Литмир - Электронная Библиотека
A
A

Ван-Гюль был поэтому спокоен. Годелива находилась в безопасности. Она останется его дочерью. Что касается Барбары, с ее более пышною красотою, ее чудным и обещающим прекрасный плод ротиком, очень может быть, что она увлечет собою однажды кого-нибудь. Ах, если бы она могла выйти замуж! С какою радостью он дал бы свое согласие! Для него окончились бы его постоянные тревоги: раздражительное расположение духа, быстрые вспышки гнева из-за пустяков, сердитые слова, приступы слез, неприятности, во время которых дом точно переносил кораблекрушение.

Ван-Гюль трепетал от этой надежды: жить только в обществе Годеливы! Всегда с ней одной, до самой смерти! Неизменно тихая жизнь, такая спокойная, такая мирная, в которой не было бы другого шума, среди безмолвия, как биение ее собственного уравновешенного сердца, точно она являлась в музее часов лишними часами, – небольшими человеческими часиками, отражавшими спокойное лицо Времени.

V

Можно было бы подумать, что Борлют был влюблен в город.

Для всех видов любви у нас есть только одно сердце. Его культ произведений искусства или религии отличался такою же нежностью, как чувство мужчины к женщине. Он любил Брюгге за его красоту; и как любовник, он любил бы его еще сильнее, если бы он стал красивее. Его страсть не имела ничего общего с местным патриотизмом, сближающим всех жителей одного и того же города по привычкам, общим вкусам, родственным отношениям, узко понятому самолюбию. Он, напротив, жил почти одиноко, удалялся, мало сходился с жителями, посредственно рассуждающими. Даже на улицах он редко замечал прохожих. С тех пор, как он стал одиноким, он приходил в восторг от каналов, плачущих деревьев, низких мостиков, колоколов, звон которых разносился по воздуху, старых стен в древних кварталах. Предметы интересовали его вместо живых существ.

Город сделался для него личностью, почти человеком… Он полюбил его, желая украшать, придавать роскошь его красоте, этой таинственной красоте, происходящей от сильной грусти, – в особенности, так мало бросающейся в глаза! Другие города очень хвастливы: они создают дворцы, поднимающиеся террасами сады, геометрически правильные памятники. Здесь все скрыто и полно нюансов. Историческая архитектура, фасады домов, похожие на хранимые реликвии, – остроконечные крыши, трубы, украшенные гвоздями, карнизы, желоба, барельефы, – бесконечные неожиданности, превращающие город как бы в живописный пейзаж из камня!

Это была смесь готического стиля и эпохи Возрождения, извилистый переход, внезапно смягчающий нежными и цветистыми линиями слишком суровую и обнаженную форму. Можно было бы подумать, что неожиданная весна появилась на стенах, что мечта их обновила, – и на них вдруг оказались лица и букеты…

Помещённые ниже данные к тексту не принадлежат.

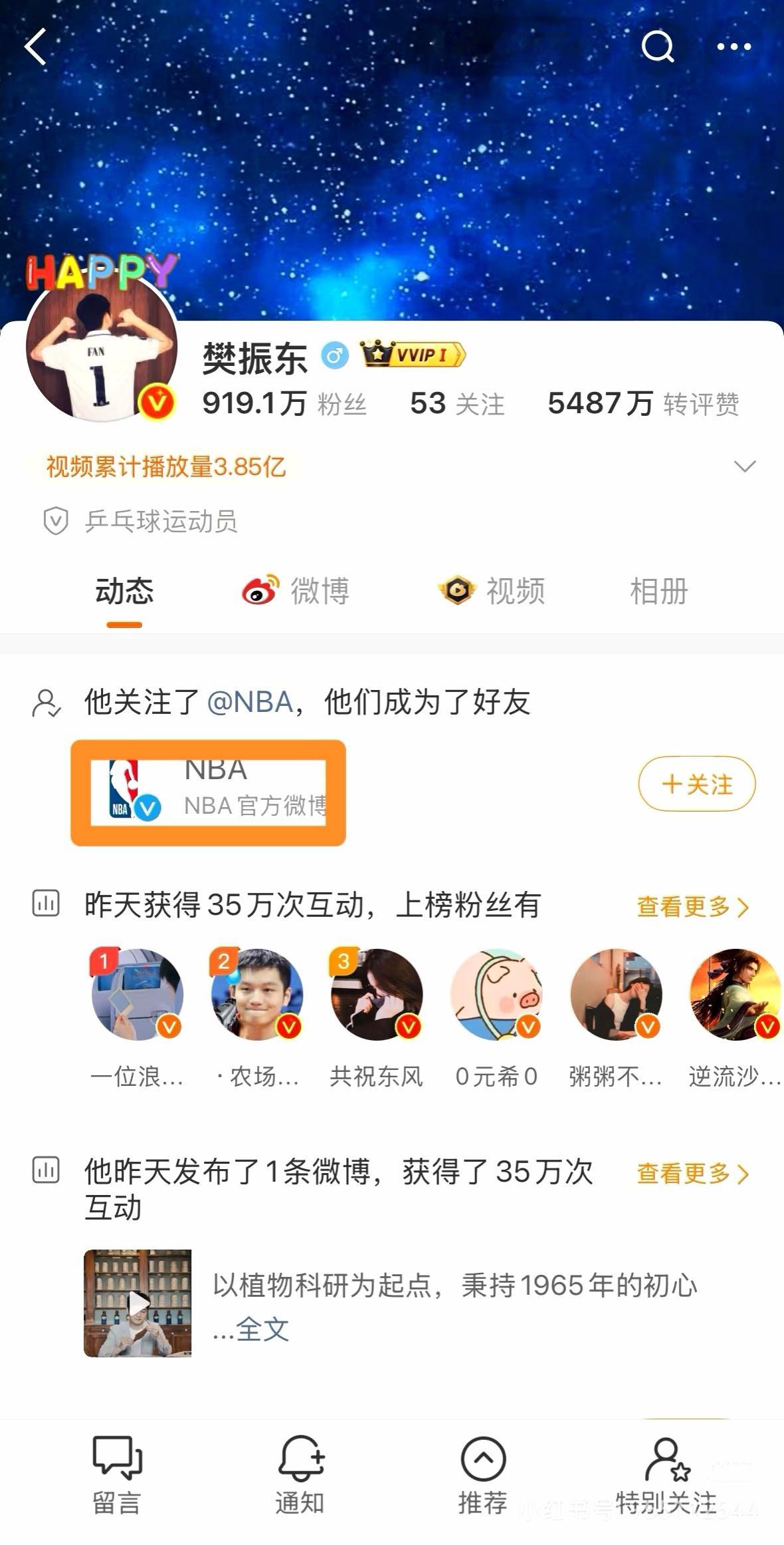 NBA和东哥互关了。东哥是NBA关注的唯一一个非篮球体育人,希望有好事发生[祈祷][祈祷][祈祷]
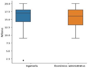 Por lo que respecta al EA reflexivo, se puede observar en la figura 2 que los datos se comportaron de la siguiente manera: en las dos áreas, la distribución de los datos es asimétrica; en la visión de económico-administrativa la mediana de los datos se encuentra alrededor de los 16 aciertos, a diferencia de las ingenierías, en las que existe una mayor dispersión entre el primer y segundo cuartil. Se identifica la existencia de un número mayor de alumnos reflexivos en las ingenierías.
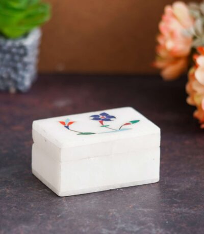 White Marble with floral inlay work Trinket Jewelry Box for Multi Purpose Use
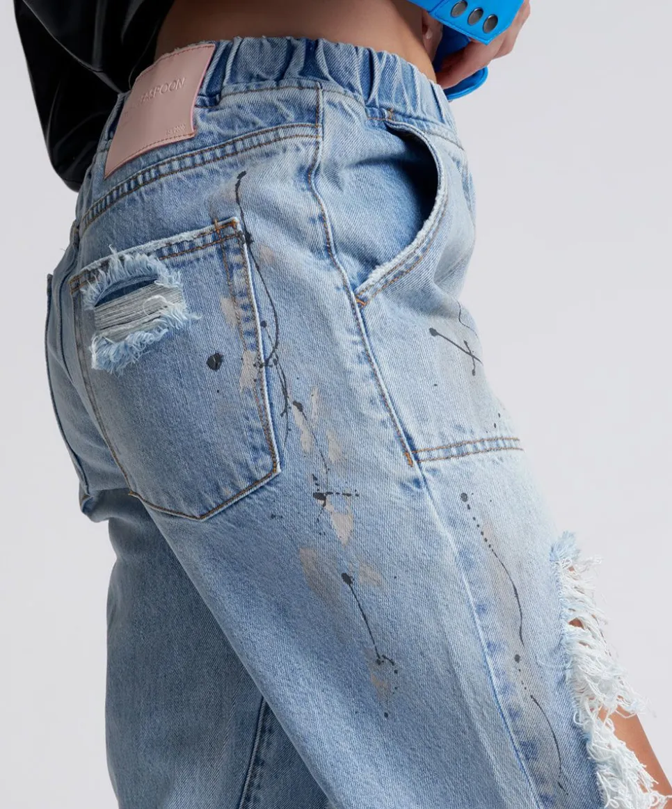 The Mid Waist Trackers Jogger Jeans. A New, Super Relaxed & Comfy Easy To Wear Boyfriend Jean. A Mid Waist & Slouchy Fit With An Elasticated Waist Band. This Is Our Answer To Denim Sweatpants. Your Essential Denim Lounge Pant Joggers. With Trashed & Ripped Distressing. Look Cool, Feel Comfy.
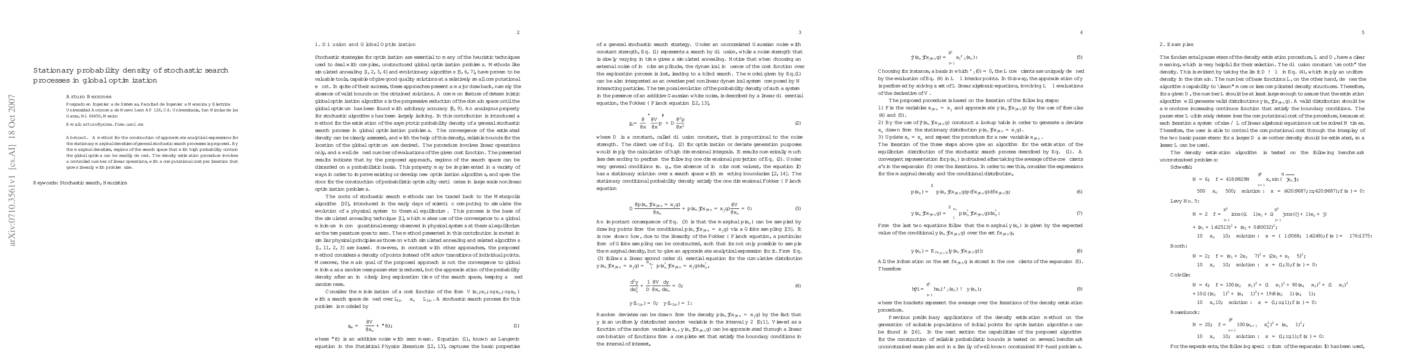 A method for the construction of approximate analytical expressions for the stationary marginal densities of general stochastic search processes is proposed. By the marginal densities, regions of the search space that with high probability contain the global optima can be readily defined. The density estimation procedure involves a controlled number of linear operations, with a computational cost per iteration that grows linearly with problem size.
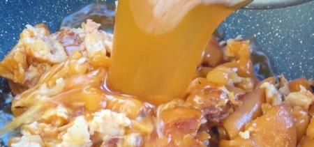 3、葱切段,姜切片,把葱姜,大料,酱油放进锅里中火煮制头骨熟烂。
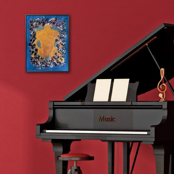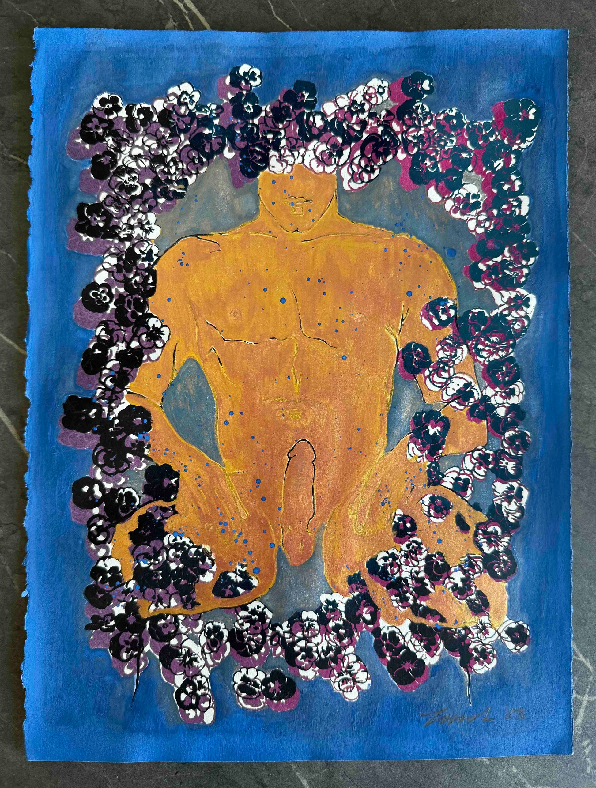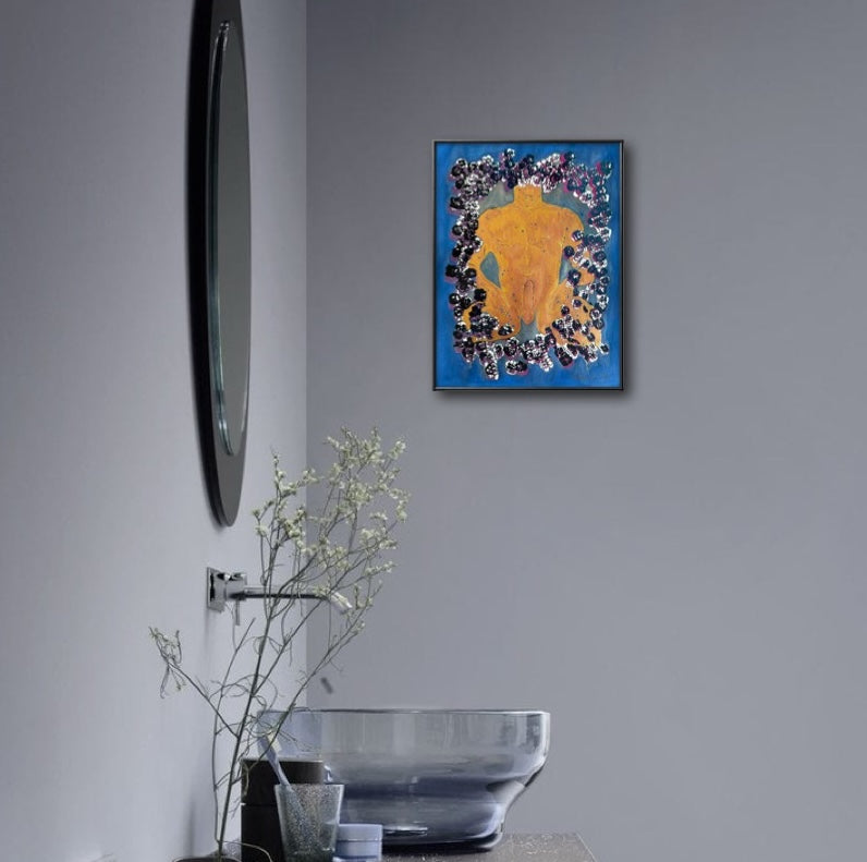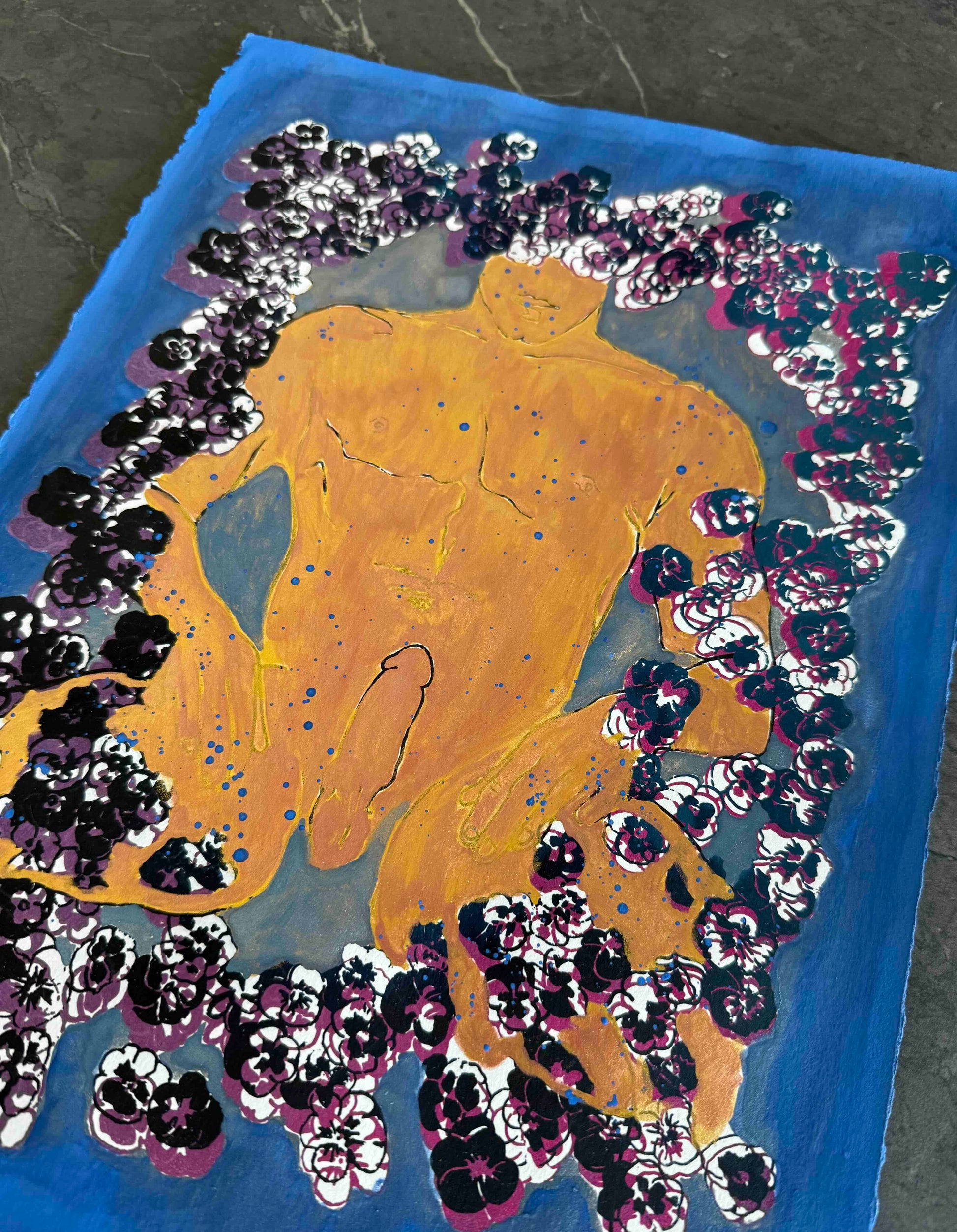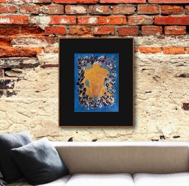 Original Serigraph & Gouache Painting with Gold Mica Figure. One-of-a-kind piece, signed on the back as "1/1" — ‘one of one’.

Этот расцвет фасадов встречается и теперь, почерневший от работы веков, закоренелый, но уже несколько стертый.

Время продолжало здесь свою работу разрушения. Печальное разрушение заставляло бледнеть гирлянды, – покрывало, точно проказою, фигуры. Заделанные окна казались ослепленными глазами. Развалившаяся остроконечная крыша, став бесформенною, точно двигалась на костылях по направлению к Вечности. Один барельеф уже разлагался, как труп. Необходимо было вмешаться, спешить, бальзамировать смерть, перевязывать скульптурные украшения, лечить больные окна, придти на помощь старым стенам. Борлют почувствовал в себе призвание, увлекся архитектурою, не только, как ремеслом, не с целью строить, иметь успех, составить состояние… С самого поступления в академию, в самый лихорадочный период занятий, он думал только об одном: утилизировать все это для города, единственно для него, а не для себя! К чему предаваться честолюбивым мечтам о славе для себя, грезить о великом памятнике, создателем которого он мог бы быть, причем его имя было бы сохранено для будущих веков? Современная архитектура очень посредственна. Борлют часто думал об этом банкротстве, об этом упадке искусства, обольщающем себя архаизмами и повторениями.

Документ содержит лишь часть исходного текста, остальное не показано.